Growing Pains Lead to Gains

In 2018, I wrote a poem on my blog entitled “I Won’t Forget the Good Times.” I had been moving from my home town of East Longmeadow to the big bad city of Boston, in what I thought would be the start of a new life adventure. Well, it was an adventure, but not one that lasted as long as I had hoped. I said goodbye to the town I knew, only to return home in a little over a year.

I asked myself what went wrong. I felt like a failure. There I was writing a blog post about sailing off into the sunset as a hero in my mind and not even 2 years later, I was back.

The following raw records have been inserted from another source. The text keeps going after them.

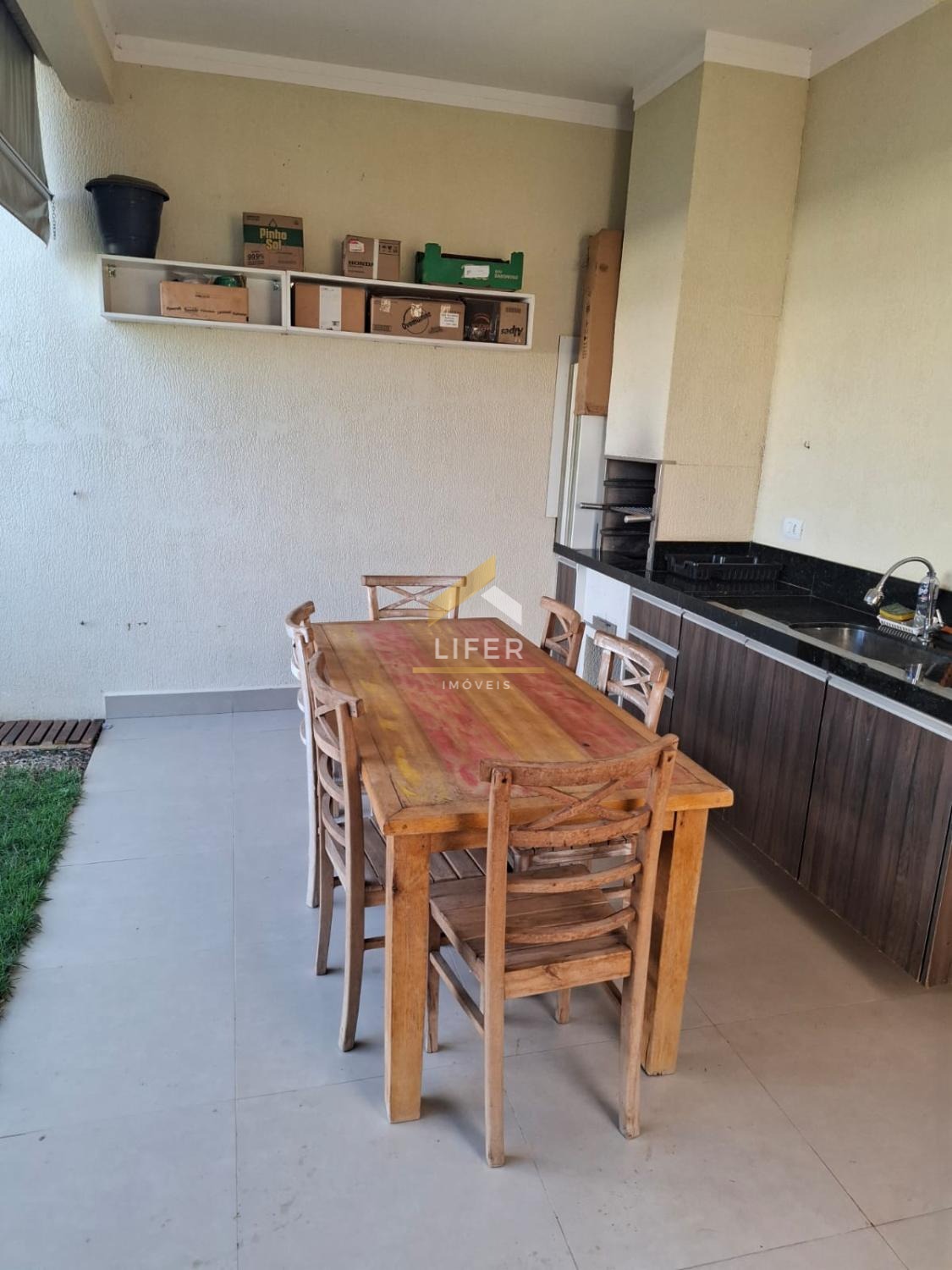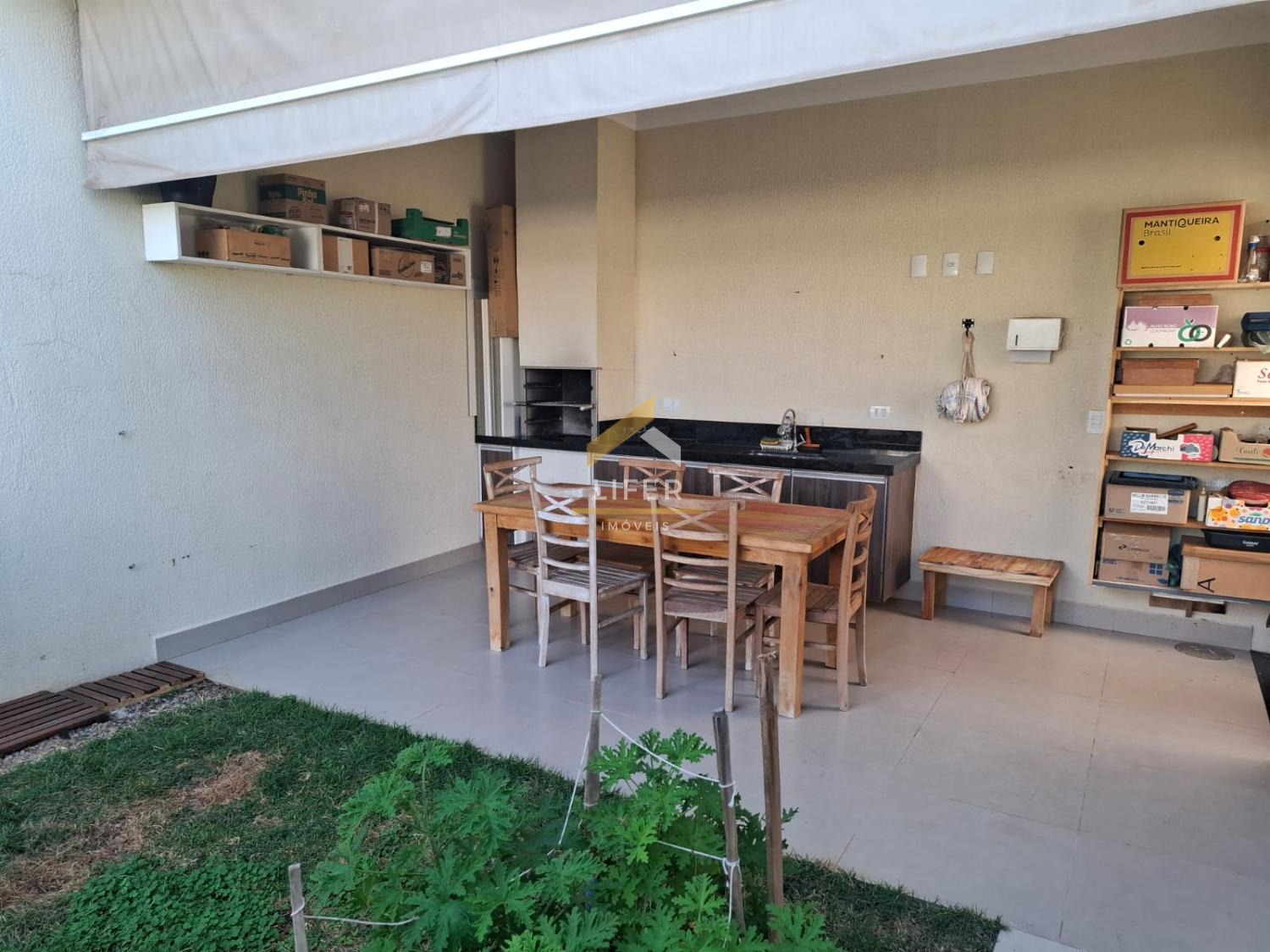 O quintal é um dos destaques do imóvel, com portão lateral independente, churrasqueira, pia com bancada, tanque de louça e armários com portas de alumínio, ideal para momentos de lazer e confraternização.
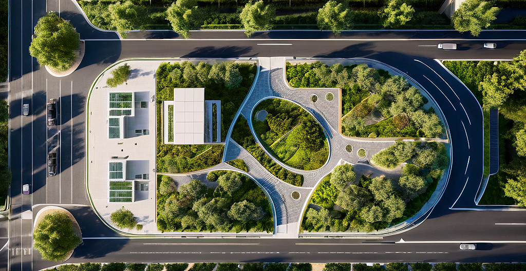 PromptOffice building, bank headquarters, sustainable architecture, environmentally friendly, simple shape, creating highlights, green architecture facade, green roof, light structure. Early morning rendering, warm stone
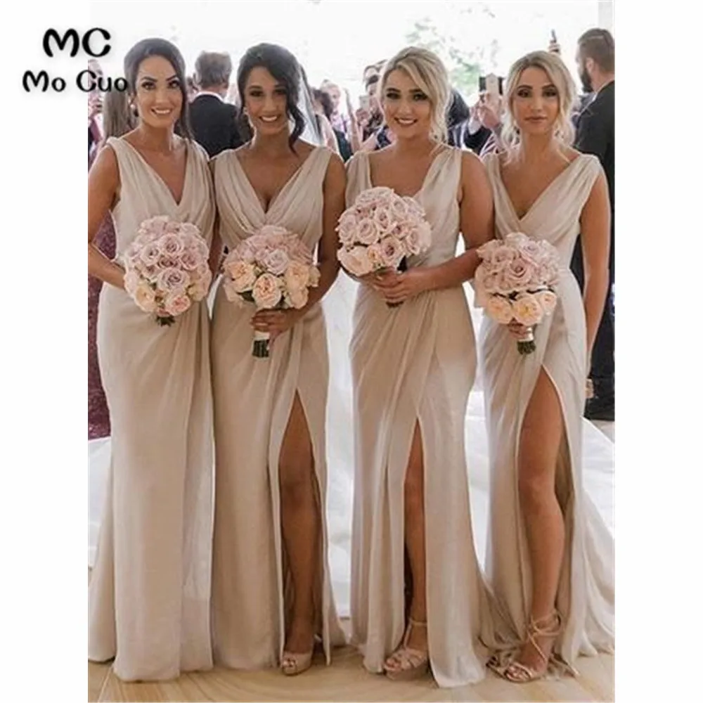 Cocomylody 2021 простое свадебвечерние платье, платья для подружек невесты, длинное Плиссированное шифоновое платье с V-образным вырезом и разрезом спереди для женщин
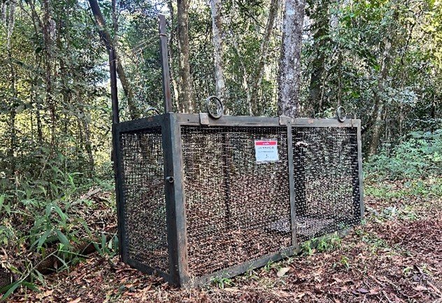 Contudo, quando o objetivo é obter informações mais detalhadas, especialmente sobre movimentação e padrões comportamentais, a captura de indivíduos é necessária. Nesse contexto, duas técnicas se destacam: as armadilhas de grade e as armadilhas do tipo laço. As armadilhas de grade são estruturas metálicas, robustas e seguras, instaladas em locais estratégicos e acionadas por mecanismos de disparo automático.

You see, I’ve learned to not take anything for granted. I was younger then and thought it would be easier than it was to live in the big city. I didn’t know how to budget, didn’t know that making $14 an hour in Boston was not enough to support myself. I quickly and naively jumped into a situation I wasn’t prepared for. Perhaps there is something to be said about that gung-ho spirit, but there was a lack of real planning.

I didn’t know what I didn’t know. I survived, not thrived, in Boston from February of 2018 up until around April of 2019. It was around April of 2019 when the confetti of the Red Sox parade of October had gone away, the relationship I was in had ended two months prior, and I was struggling to find consistent work. It was time to come back home way earlier than I expected.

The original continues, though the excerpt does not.